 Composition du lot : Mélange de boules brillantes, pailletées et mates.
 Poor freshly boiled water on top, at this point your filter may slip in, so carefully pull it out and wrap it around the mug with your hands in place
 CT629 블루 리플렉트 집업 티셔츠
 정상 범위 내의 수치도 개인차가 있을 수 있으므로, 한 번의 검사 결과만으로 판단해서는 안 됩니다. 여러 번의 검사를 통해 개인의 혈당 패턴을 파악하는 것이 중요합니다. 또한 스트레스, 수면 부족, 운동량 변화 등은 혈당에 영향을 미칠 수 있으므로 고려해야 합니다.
+++
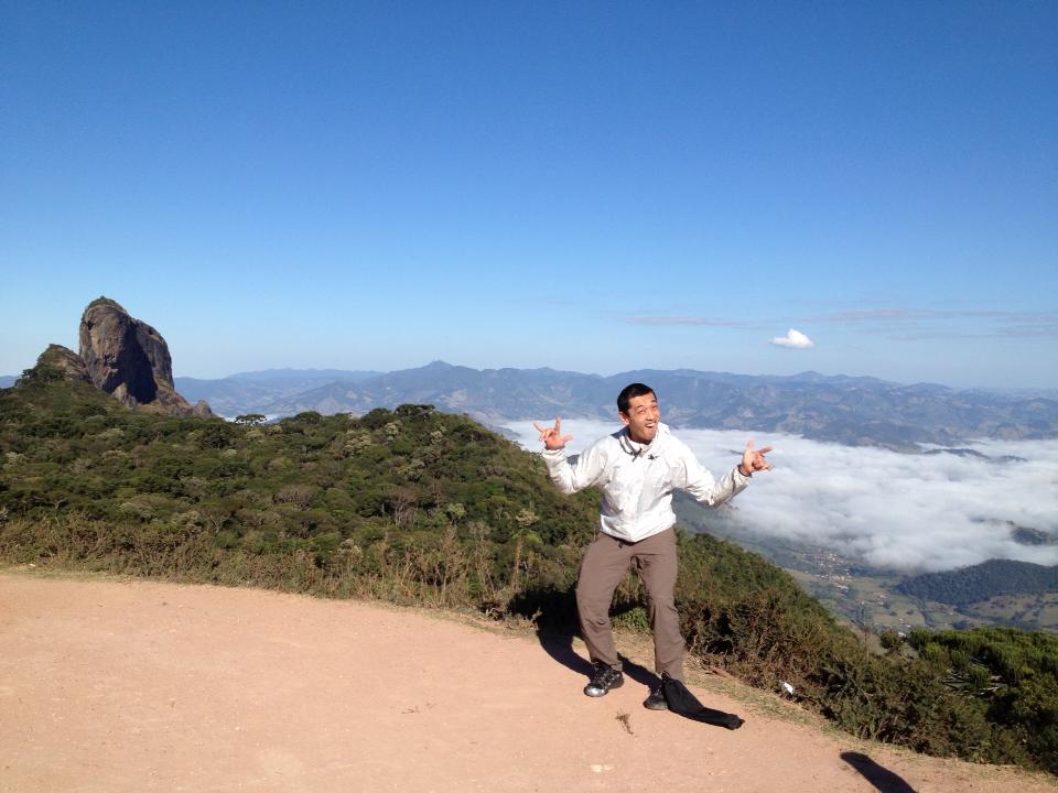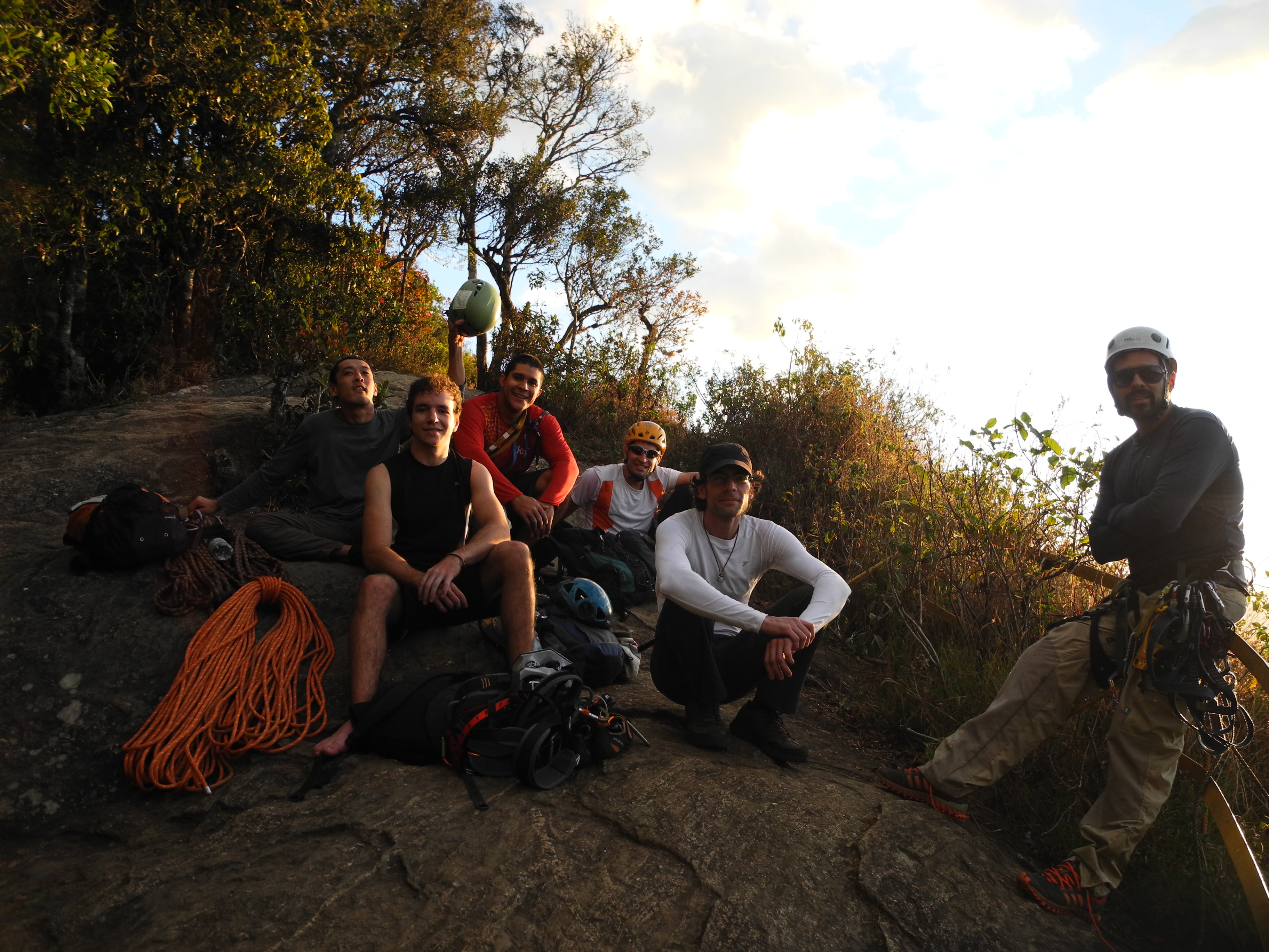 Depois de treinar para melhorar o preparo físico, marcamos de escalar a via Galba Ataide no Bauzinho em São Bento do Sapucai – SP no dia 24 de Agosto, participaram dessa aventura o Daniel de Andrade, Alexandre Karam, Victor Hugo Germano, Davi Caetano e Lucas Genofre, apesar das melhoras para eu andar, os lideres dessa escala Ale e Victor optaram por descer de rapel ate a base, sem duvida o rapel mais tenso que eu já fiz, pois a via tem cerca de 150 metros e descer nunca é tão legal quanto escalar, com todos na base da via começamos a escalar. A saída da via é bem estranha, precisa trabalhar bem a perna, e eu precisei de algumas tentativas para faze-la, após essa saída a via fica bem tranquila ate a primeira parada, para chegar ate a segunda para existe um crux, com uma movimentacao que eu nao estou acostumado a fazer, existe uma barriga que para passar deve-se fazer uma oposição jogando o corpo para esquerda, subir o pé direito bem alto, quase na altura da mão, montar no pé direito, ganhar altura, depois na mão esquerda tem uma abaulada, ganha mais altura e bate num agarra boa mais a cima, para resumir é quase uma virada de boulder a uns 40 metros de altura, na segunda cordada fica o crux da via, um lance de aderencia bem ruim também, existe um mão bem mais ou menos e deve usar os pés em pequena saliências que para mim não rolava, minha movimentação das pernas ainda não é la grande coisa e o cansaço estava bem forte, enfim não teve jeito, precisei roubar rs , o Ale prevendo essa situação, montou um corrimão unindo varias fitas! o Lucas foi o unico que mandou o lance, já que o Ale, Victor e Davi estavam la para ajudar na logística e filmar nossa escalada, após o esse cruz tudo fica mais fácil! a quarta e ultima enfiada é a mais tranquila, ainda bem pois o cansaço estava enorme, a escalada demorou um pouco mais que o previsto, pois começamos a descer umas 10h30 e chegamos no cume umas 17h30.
+++
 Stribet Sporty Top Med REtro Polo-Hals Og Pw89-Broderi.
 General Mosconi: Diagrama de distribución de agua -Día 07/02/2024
+++
» Task requirements: Above is a listing; print exactly its lines from the one with "Composition du lot" through the one with "CT629 블루 리플렉트 집업 티셔츠", and no other lines.

» Written response:
 Composition du lot : Mélange de boules brillantes, pailletées et mates.
 Poor freshly boiled water on top, at this point your filter may slip in, so carefully pull it out and wrap it around the mug with your hands in place
 CT629 블루 리플렉트 집업 티셔츠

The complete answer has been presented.